Thymosin Alpha-1 molecular structure
Thymosin Alpha-1 molecular structure
Approved
🛡️Immune Support

Thymosin Alpha-1

Also known as: Tα1, Ta1, Thymalfasin, Zadaxin, Thymosin Alpha 1

MW

3108.27 Da

Formula

C129H215N33O55

CAS

62304-98-7

Routes

2 routes

Thymosin Alpha-1 (Tα1) is a 28-amino acid peptide naturally produced by the thymus gland that plays a fundamental role in immune system maturation and function. First isolated and characterized by Dr. Allan Goldstein at the George Washington University in the 1970s, it was identified as the primary immunomodulatory component of thymosin fraction 5 — a partially purified thymic extract. The synthetic version, thymalfasin (marketed as Zadaxin), is approved in over 35 countries for treatment of hepatitis B, hepatitis C, and as an immune adjuvant in cancer therapy and vaccination. It represents one of the most clinically validated immunomodulatory peptides, with over 4,400 patients treated in clinical trials and decades of post-marketing safety data. Thymosin Alpha-1 acts as a biological response modifier that enhances both innate and adaptive immune function. Its unique mechanism enables immune restoration without excessive stimulation — it upregulates immune function when suppressed and does not cause hyperactivation in healthy immune systems, making it fundamentally different from immunostimulants.

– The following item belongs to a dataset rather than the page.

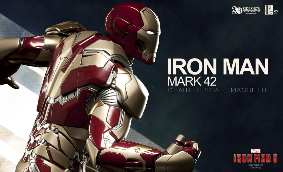 Iron Man Mark 42 Maquette (pictured below) - From Iron Man 3, Sideshow Collectibles’ Iron Man Mark 42 Quarter Scale Maquette is coming soon (pre-order TBA).
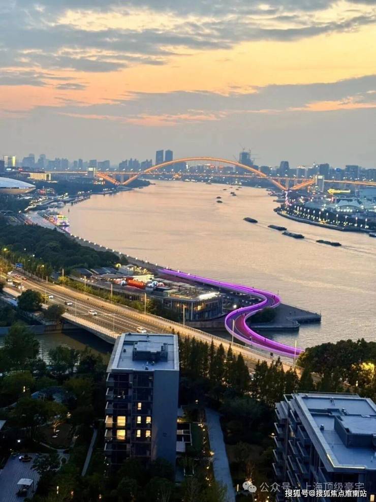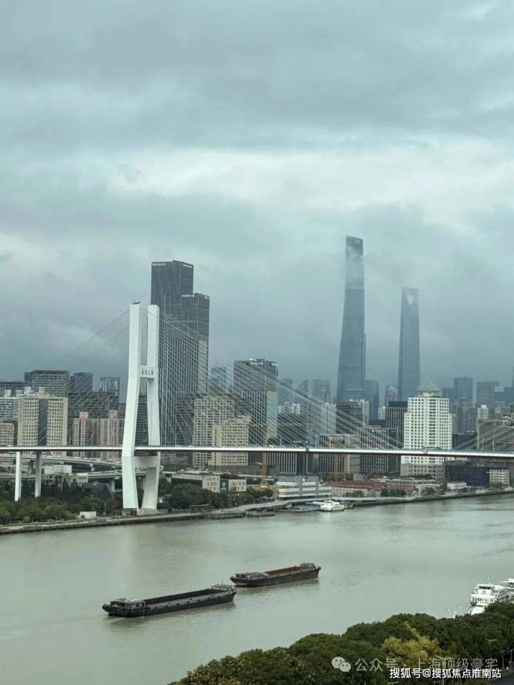 距黄浦江约80-150米,南偏东21°黄金倾角布局,270°环幕江景,部分高区可俯瞰陆家嘴三件套、南浦大桥。

Research Use OnlyFor educational and research purposes only

Research Applications

Chronic Hepatitis B and C

Tα1 (Zadaxin) is approved in over 35 countries for chronic hepatitis B treatment, typically combined with interferon or nucleos(t)ide analogs. Clinical trials show enhanced viral clearance rates and improved seroconversion. For hepatitis C, it enhances interferon-based therapy response rates.

Cancer Immunotherapy Adjuvant

Tα1 is used as an immune adjuvant alongside chemotherapy, radiation, and checkpoint inhibitor therapy. Clinical studies in hepatocellular carcinoma, melanoma, non-small cell lung cancer, and breast cancer demonstrate improved immune reconstitution, enhanced anti-tumor immunity, and improved survival when combined with standard oncologic treatments.

Vaccine Enhancement

Tα1 is approved in several countries as a vaccine adjuvant, enhancing immune response to influenza, hepatitis B, and other vaccines. It is particularly effective in elderly and immunocompromised populations who normally have suboptimal vaccine responses.

Immunodeficiency States

Research demonstrates Tα1 restores immune function in HIV/AIDS (increases CD4+ counts), post-chemotherapy immunosuppression, transplant recipients, and age-related immunosenescence. It is used clinically as an immune restorative agent.

Sepsis and Critical Care

Clinical studies show Tα1 reduces mortality in severe sepsis by restoring immune function and preventing immunoparalysis. It enhances pathogen clearance and reduces secondary infection rates in ICU patients.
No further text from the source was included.